Null pointer dereference while handling the Proc class (another reproducible PoC)

[gwangmu]

Description

We found a null-dereference (again) while handling the Proc class in the latest commit (as of Sep 25, 2023). The triggering condition is very similar to issue #6052, but the crash location was changed to eval_under. In this case, we only found one PoC.

Proof of Concept

$ mruby <poc_file>

poc.zip

Stack Trace

AddressSanitizer:DEADLYSIGNAL
=================================================================
==68918==ERROR: AddressSanitizer: SEGV on unknown address 0x000000000002 (pc 0x55df25a871b4 bp 0x7ffe683396d0 sp 0x7ffe68339340 T0)
==68918==The signal is caused by a READ memory access.
==68918==Hint: address points to the zero page.
    #0 0x55df25a871b4 in eval_under vm.c
    #1 0x55df25a8774b in mrb_obj_instance_eval (/workspaces/mruby/build/host/bin/mruby+0x2d274b) (BuildId: 0a113734787eca1796aff6ada4c1c52fabbcebe2)
    #2 0x55df25ce8500 in f_instance_eval eval.c
    #3 0x55df25a9de3b in mrb_vm_exec (/workspaces/mruby/build/host/bin/mruby+0x2e8e3b) (BuildId: 0a113734787eca1796aff6ada4c1c52fabbcebe2)
    #4 0x55df25a8a21f in mrb_vm_run (/workspaces/mruby/build/host/bin/mruby+0x2d521f) (BuildId: 0a113734787eca1796aff6ada4c1c52fabbcebe2)
    #5 0x55df25a8447e in mrb_top_run (/workspaces/mruby/build/host/bin/mruby+0x2cf47e) (BuildId: 0a113734787eca1796aff6ada4c1c52fabbcebe2)
    #6 0x55df25b33d1e in mrb_load_exec (/workspaces/mruby/build/host/bin/mruby+0x37ed1e) (BuildId: 0a113734787eca1796aff6ada4c1c52fabbcebe2)
    #7 0x55df25b34db7 in mrb_load_detect_file_cxt (/workspaces/mruby/build/host/bin/mruby+0x37fdb7) (BuildId: 0a113734787eca1796aff6ada4c1c52fabbcebe2)
    #8 0x55df2598ae06 in main (/workspaces/mruby/build/host/bin/mruby+0x1d5e06) (BuildId: 0a113734787eca1796aff6ada4c1c52fabbcebe2)
    #9 0x7f951a420d8f in __libc_start_call_main csu/../sysdeps/nptl/libc_start_call_main.h:58:16
    #10 0x7f951a420e3f in __libc_start_main csu/../csu/libc-start.c:392:3
    #11 0x55df258c98d4 in _start (/workspaces/mruby/build/host/bin/mruby+0x1148d4) (BuildId: 0a113734787eca1796aff6ada4c1c52fabbcebe2)
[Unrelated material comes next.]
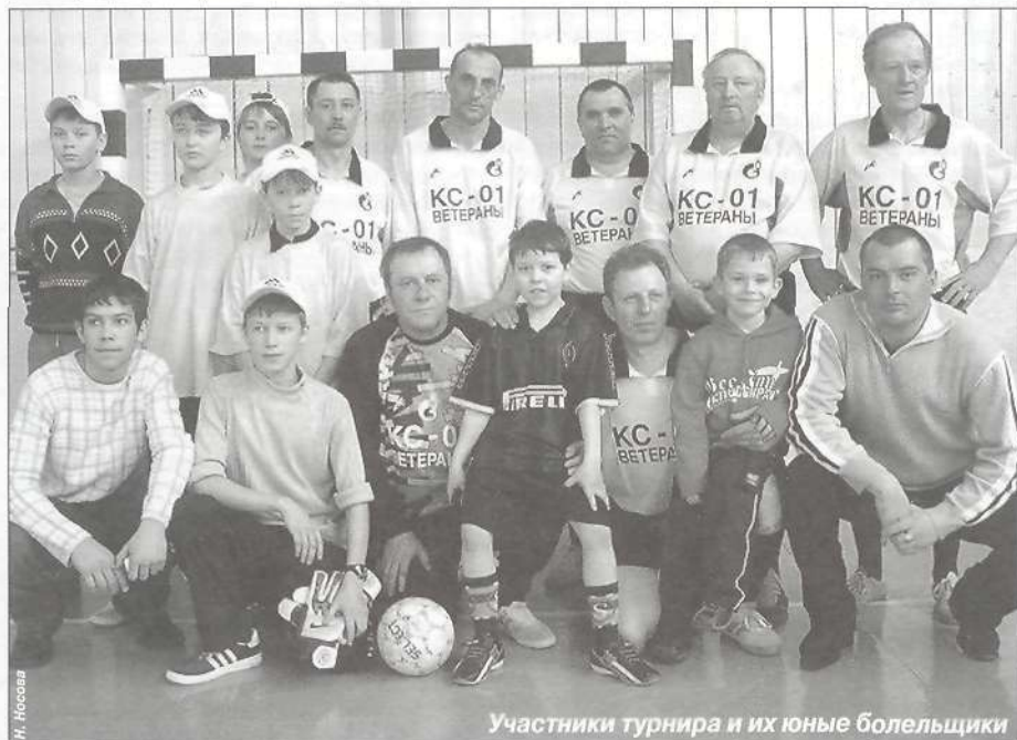
Участники турнира и их юные болельщики

AddressSanitizer can not provide additional info.
SUMMARY: AddressSanitizer: SEGV vm.c in eval_under
==68918==ABORTING

Environment

Ubuntu 20.04
Intel(R) Xeon(R) Gold 5218 CPU @ 2.30GHz
Memory: 64 GB

Affected Version

v3.2.0 (commit 15bb6a9, latest as of 2023-09-25)
v3.2.0 (commit 5956496)

Many thanks for maintaining mruby. :)

[dearblue]

In CRuby, Proc.allocate raises an exception, so mruby may want to follow suit.